Lausanne, Switzerland–based Distalmotion designed its Dexter system for laparoscopic surgery in general, gynecological and urological surgery.
The company says that the Dexter surgical robotics system combines the affordability of laparoscopy with the benefits of robotic surgery to increase simplicity and versatility in the space. Leading European hospitals are currently spearheading the development of procedural guidelines and training protocols for robotic surgery with Dexter as part of clinical studies and an early adopter program (EAP). Dexter received CE mark approval in Europe in December 2020.
In January, Distalmotion closed a $90 million Series E to support the platform. The company said it intends to use the funding to support the global commercialization Dexter.
Distalmotion said the latest investment arrives as the platform takes its first steps into the operating room, and a commercial rollout awaits.
The company is beginning installments in Western Europe with eyes on global expansion, including in the U.S. The company plans to work closely with the FDA on a U.S. submission supported by the latest financing.

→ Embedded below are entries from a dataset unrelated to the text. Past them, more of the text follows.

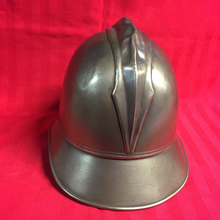 Elmo in ottone, con visiera e paranuca applicati, cresta saldata, marocchino in cuoio (mancano i lacci), sottogola in cuoio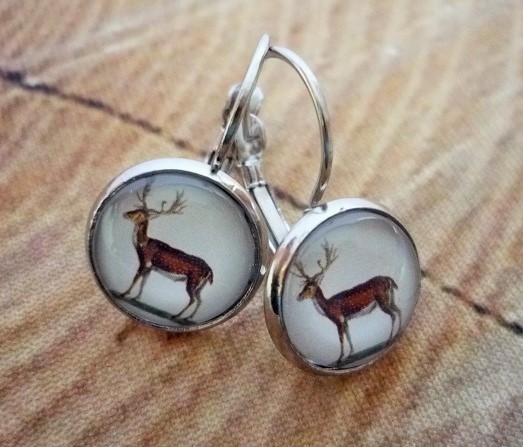Glascabochons mit Hirschmotiv, 12 mm Durchmesser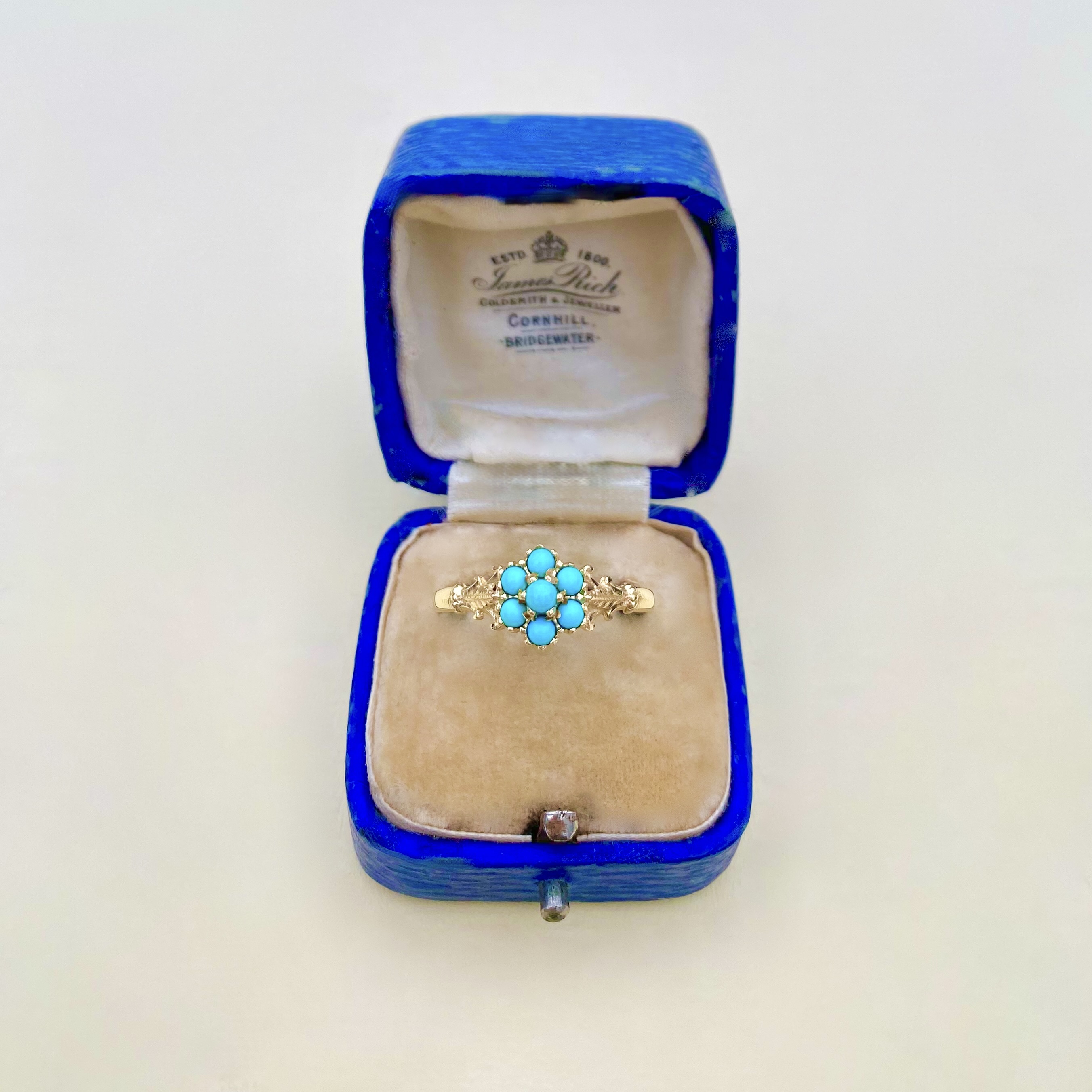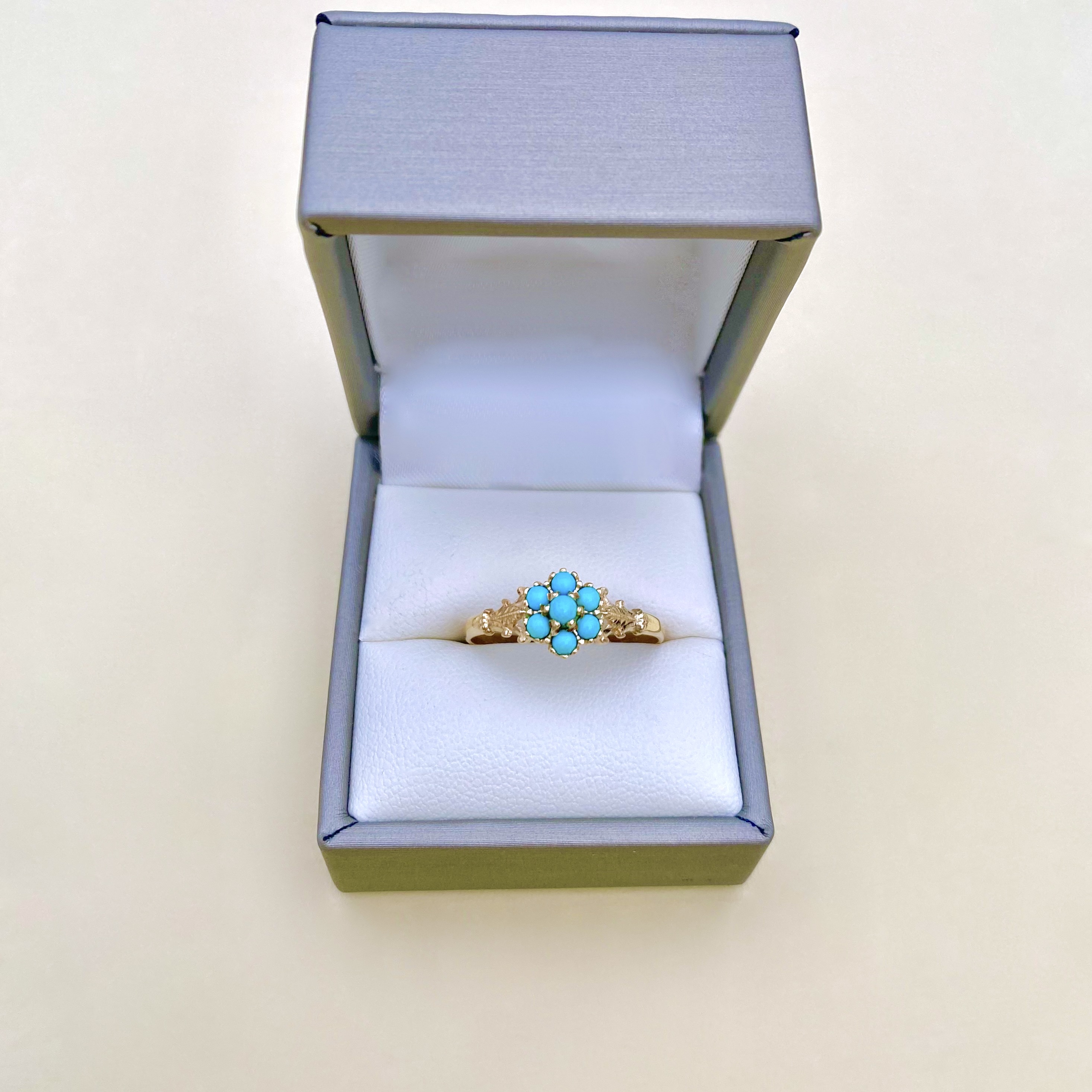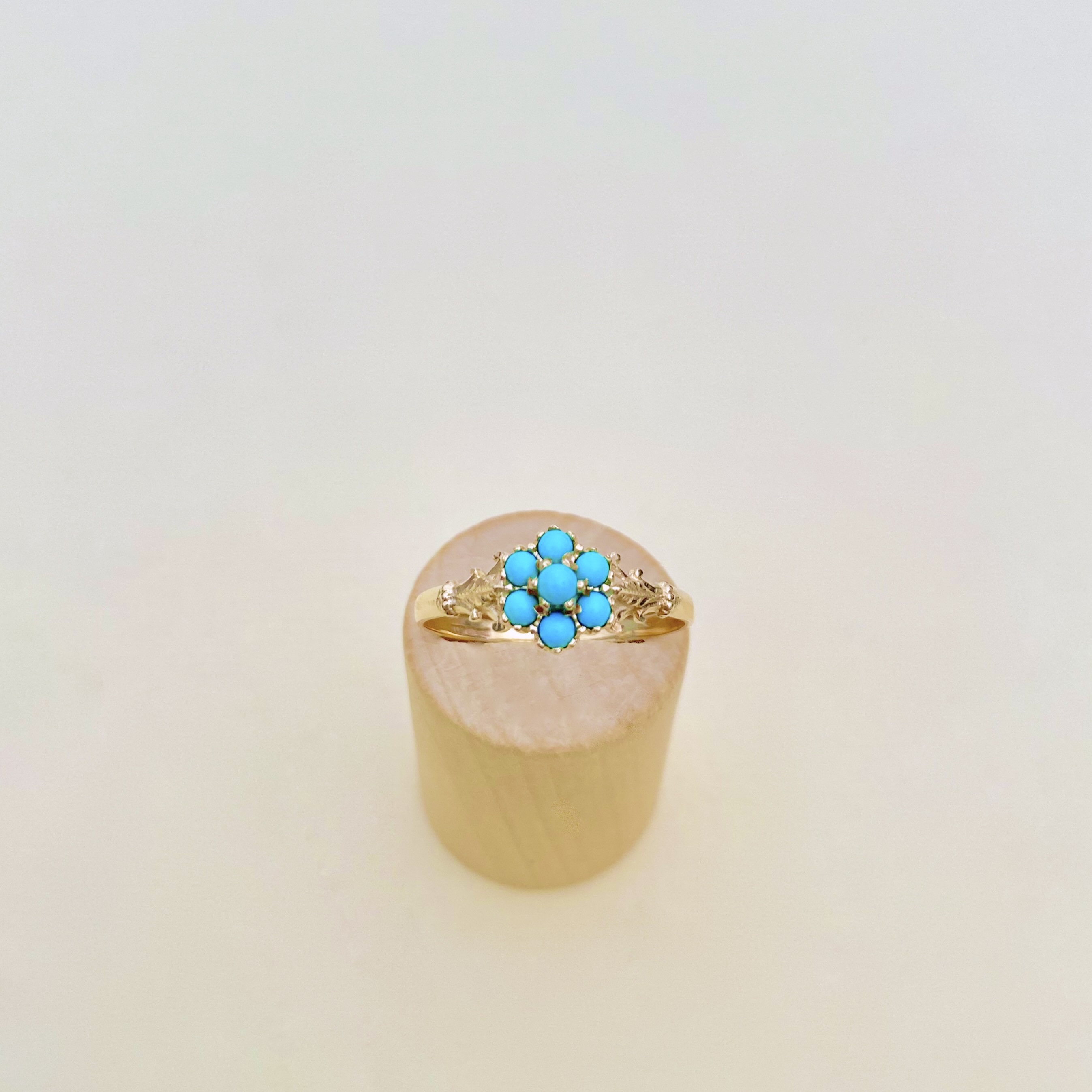 This charming Antique 9ct yellow gold ring, features a stunning cluster of seven circular turquoise cabochons, beautifully framed by intricate acanthus leaf detailing on each shoulder. The simple, plain gold band enhances the overall elegance of the design. Hallmarked with a sponsor mark for CL&S? = Charles Lyster & Son, this piece is believed to date from the late 19th to early 20th century, potentially spanning the Victorian to Edwardian eras. Size: V¼. USA: 11. EU: 63 +. Head diameter measures: 8.57mm. (= 0.85cms. / 0.33”).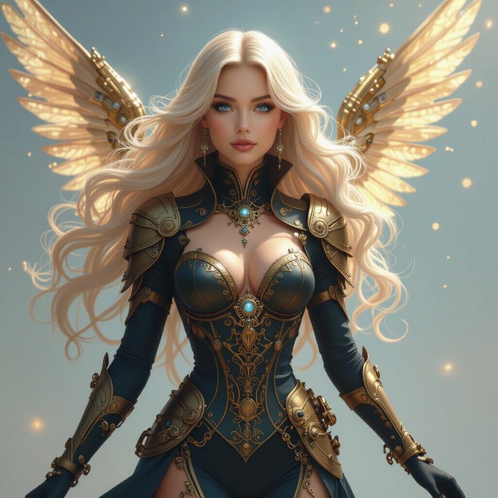 Generate your own beautiful steampunk angel images with flowing hair and gold clothes for free. Easy and fun!

Montpellier, France–based Quantum Surgical designed its robot-assisted Epione system to plan, target, deliver and confirm tumor ablation. The platform is used in minimally invasive liver cancer treatment.
The company said Epione enables clinicians to perform safe and effective percutaneous tumor ablations, expanding the option of such treatment to more patients battling liver cancer. The FDA granted the platform 510(k) clearance in March.
Clearance permits marketing for the Epione interventional oncology robot in the U.S., with Quantum Surgical planning to extend indications for the platform to other organs.
Quantum Surgical says that it also has intentions to develop artificial intelligence (AI)-based decision-support features for the Epione platform.